Mar 122025
 

(Andy Synn puts the debut album from New York weirdniks Frogg under the microscope)

Metal, as we all know, is a serious business for serious people.

And what could be more serious than a colossal cosmic amphibian attempting to devour the moon?

Honestly, it kind of puts all our common, everyday concerns into perspective, doesn’t it?

Of course, a quick perusal of their lyrics (sample: “…their motive is clear yet they always cry wolf / to feast upon the sheep…“) will tell you that – like their peers in Vampire Squid (whose pun-tastic song titles conceal an underlying concern for the natural environment and our impact on it) or Slugdge (whose metaphysical mollusc-worship also serves as a potent metaphor for the struggle to maintain one’s mental health in an increasingly insane world) – there’s more to Frogg than meets the eye.

They’re not quite on the same level just yet, of course – with this being their first full-length album the band are ultimately mere Tech Death tadpoles in comparison, and clearly still growing into their adult form – but there’s definitely a lot of promise and potential to their OTT hybrid of indulgent instrumental proggery, shameless neoclassical shreddery, and retro-genetic Deathcore DNA.

Opener “Walpurgisnacht”, for example, is a prime example of the band’s genre-blending fusion-metal, landing somewhere between Colors-era Between the Buried and MeWe Are the Nightmare period Arsis, and The Faceless circa Akeldama as it shimmers, shudders, and shreds away at the established musical boundaries, while the more streamlined “Dandelion” suggests that, even for a band as demonstrably obsessed with excess as Frogg, sometimes less actually is more.

That being said (and, to be clear, I said “sometimes” for a reason) the mid-section of the album – running from the unstoppable metallic momentum of “Eclipse I: Bakunawa”, through the fluid, progtastic fretwork of “Eclipse II: Sickened By Silence”, to the catchy climactic grooves of “Interspecific Hybrid Species” (whose fret-melting melodic fury makes it arguably the best track on the entire record) – is where Frogg really show what they’re capable of… the heavier parts are heavier, and hit that little bit harder, the proggier parts are proggier, and push things that little bit further, and the hooks are, well, hookier, but also that little bit weirder in a wonderfully unpredictable, but equally irresistible, way.
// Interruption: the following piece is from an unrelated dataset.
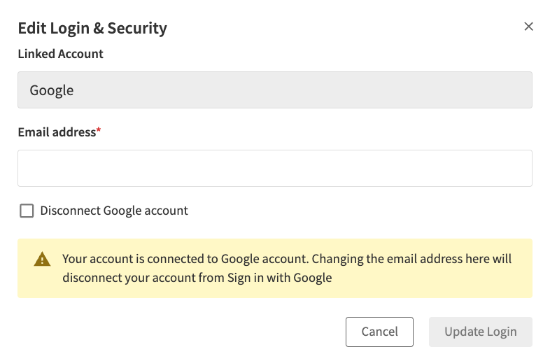 4. Select the Disconnect Google account checkbox to disconnect Google on the form and click Update Login.

Sure, there’s a few gaps in the band’s songwriting skills (a handful of tracks fall into the trap of just throwing as many riffs and notes at the wall as possible, in the hope that something will stick) and not every musical mutation is a viable one (the attempted inclusion of some almost Protest the Hero-like clean vocals in “Wake Up”, for example, while not necessarily a bad idea on paper, is an obvious evolutionary dead end in practice), but there’s ample evidence here, assuming the right combination of environmental pressures and forward-thinking, intelligent design – selecting for just the right genotypes and phenotypes to maximise the group’s hybrid vigour – that Frogg could easily develop into one of the dominant species on our planet in just a few generations.